The 90s also saw a lot of market change, with hostile takeovers, mergers and acquisitions, and the demise of some of the leading software companies, like Knowledge Adventure, Broderbund, and Davidson and Associates. A transformation saw Kevin O’Leary’s Softkey (yes, that Kevin O’Leary) take on the Learning Company name. Schools were using productivity software like Kid Pix and Claris Works, trying out more substantive instructional products like IBM’s Writing to Read, introducing CD-ROM-based reference tools, and demanding more multimedia.
In 1994, I went to work full-time for Nelson, and it continued to be an amazing journey. Nelson is so smart and so totally open to new experiences, that there was seldom a dull moment as he spun off ideas and tried new approaches. In 2002, QED, a Scholastic company, acquired Nelson’s business. Suddenly, our little group was part of a much bigger organization and it was wonderful to have the extra resources. QED had a full-blown market research department and I got to work with three amazing women – Deirdre Martel, Amy Grosch, and Stephanie Burdick – who taught me so much about the correct way to do market research, and who I am still lucky to call friends.

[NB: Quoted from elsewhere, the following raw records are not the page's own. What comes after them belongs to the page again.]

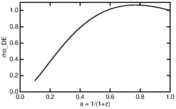 vs a = 1/(1+z) when w = -0.752-0.86*z/(1+z), which is the best fit to the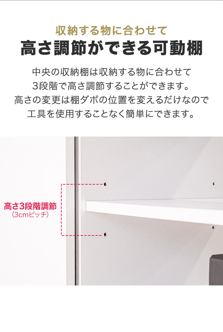 中央の収納棚は収納する物に合わせて3段階で高さ調節することができます。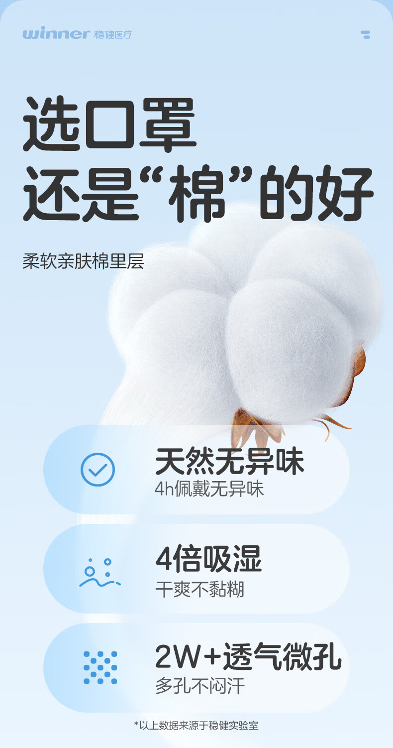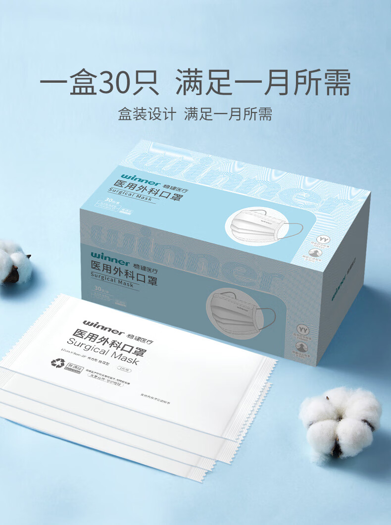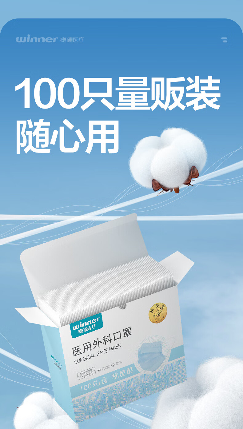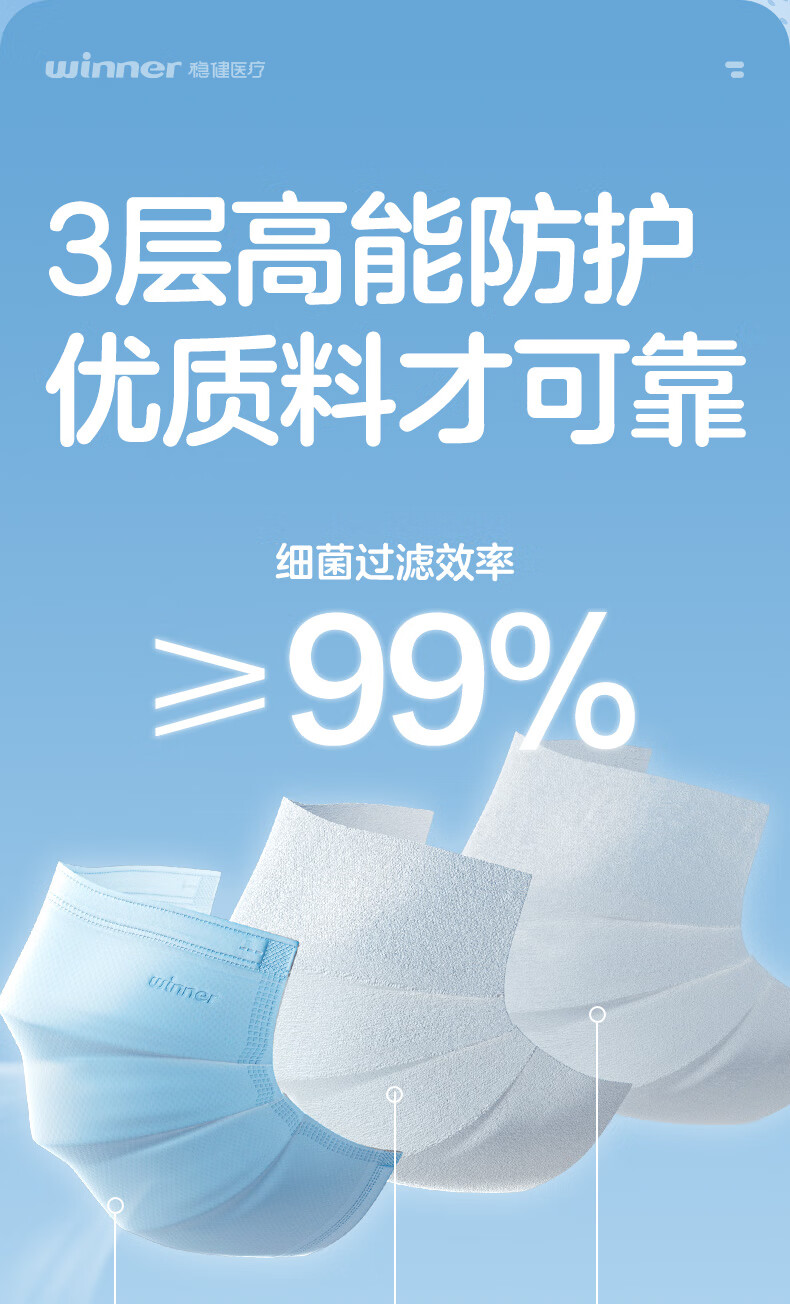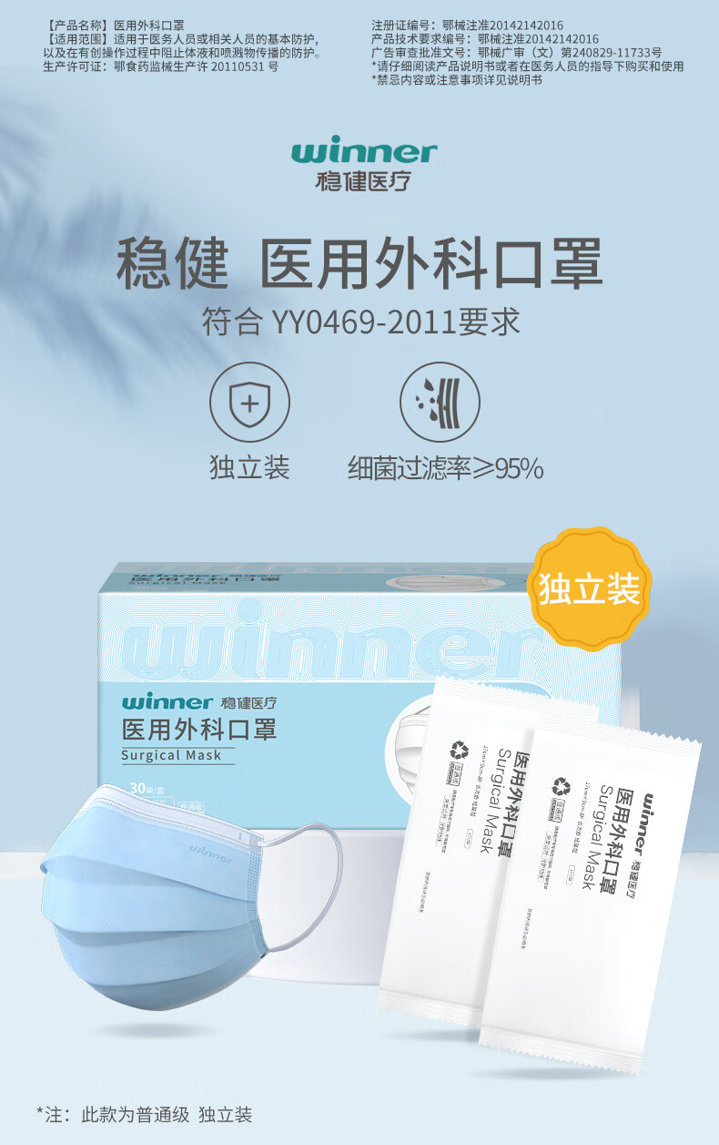 稳健口罩医用外科口罩一次性医用口罩防细菌冬季防流感独立干净卫生 【升级棉里层】50只/盒 成人蓝色 独立包装 1只/袋

Emily Graner put her amazing organizational skills and great creative eye to work on EdNET, and the Conference got a whole new look and feel. There were peers at both QED and Scholastic to toss ideas around with and to support new projects. When Scholastic sold QED to MDR, we sadly lost a number of our Denver colleagues, but gained new ones in Shelton.
In the end, it’s the people who matter, and throughout my career I have been lucky to work with talented, dedicated people who care about their jobs and the clients they serve. I’m thankful for all the people who challenged my thinking and asked hard questions – people like Peter Kelman, John Richards, Mark Stevens, Steve Rappaport, Frank Catalano, Karen Billings, Marci Goldberg and so many others. That’s the way you grow. I especially treasure the network of women who have shared industry news, pooled talents to address big projects and celebrated each other’s successes over the years.

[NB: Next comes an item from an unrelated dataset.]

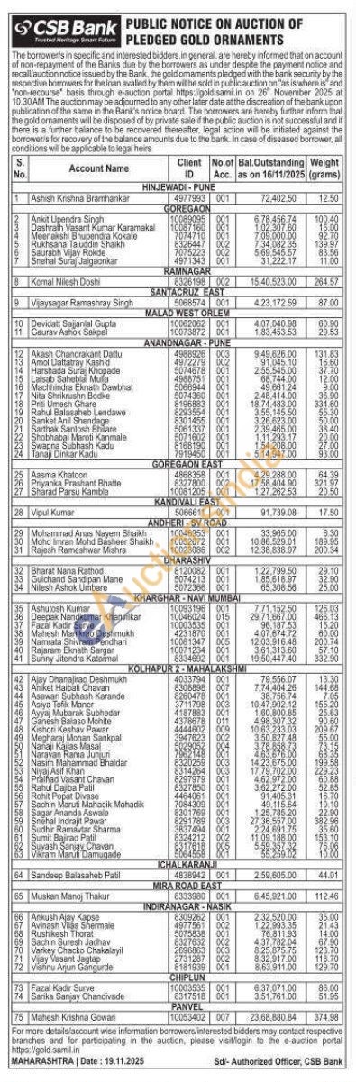 CSB Bank Gold Auctions Auction in Pune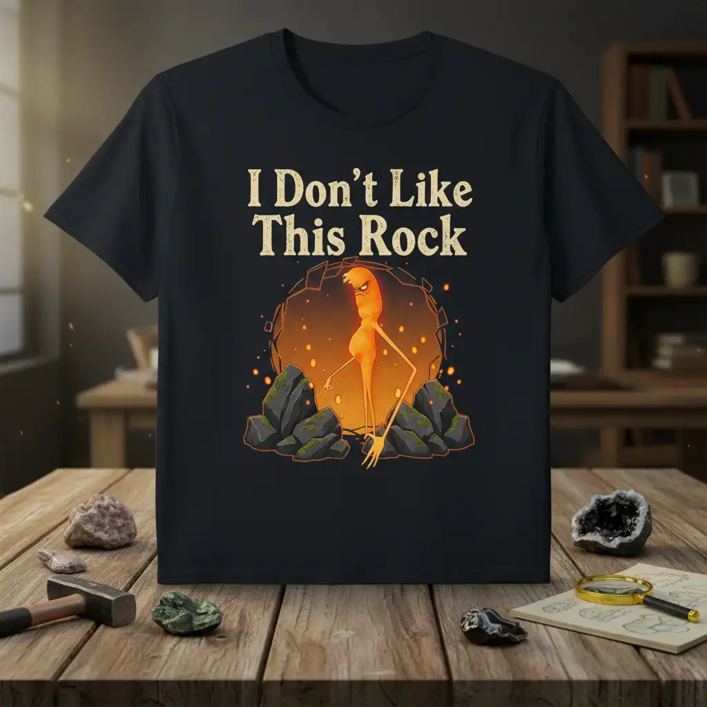 I Don’t Like This Rock. This quirky and humorous t-shirt is perfect for anyone with a passion for geology, earth science, or simply a good pun. It features a unique design that’s sure to spark conversations and bring a smile to fellow enthusiasts. Whether you’re a seasoned geologist or a budding rock collector, this tee speaks your language. Its comfortable fit and durable print make it an ideal addition to any casual wardrobe. Show off your love for all things geological with this standout piece.

I won’t drag you through any more decade details. Right now, the early memories are much sharper than the more recent ones. There are fewer of us around who remember those years, and they were so central to my career and who I became that I really wanted to celebrate them while I still can. I can’t possibly name everyone who supported me over the years, but I do remember each of you. I can sometimes even still hear your voices as you offered advice. I hope over the years I have shared some useful information. Most of all, I hope I have never failed to repay the support, respect, and friendship that I have received.
I can tell it’s going to take me a while to get used to retirement. The good news is it’s just my job that I’m leaving behind. I’m not retiring from the education market community. You know where I am. Please keep in touch. Keep on doing good!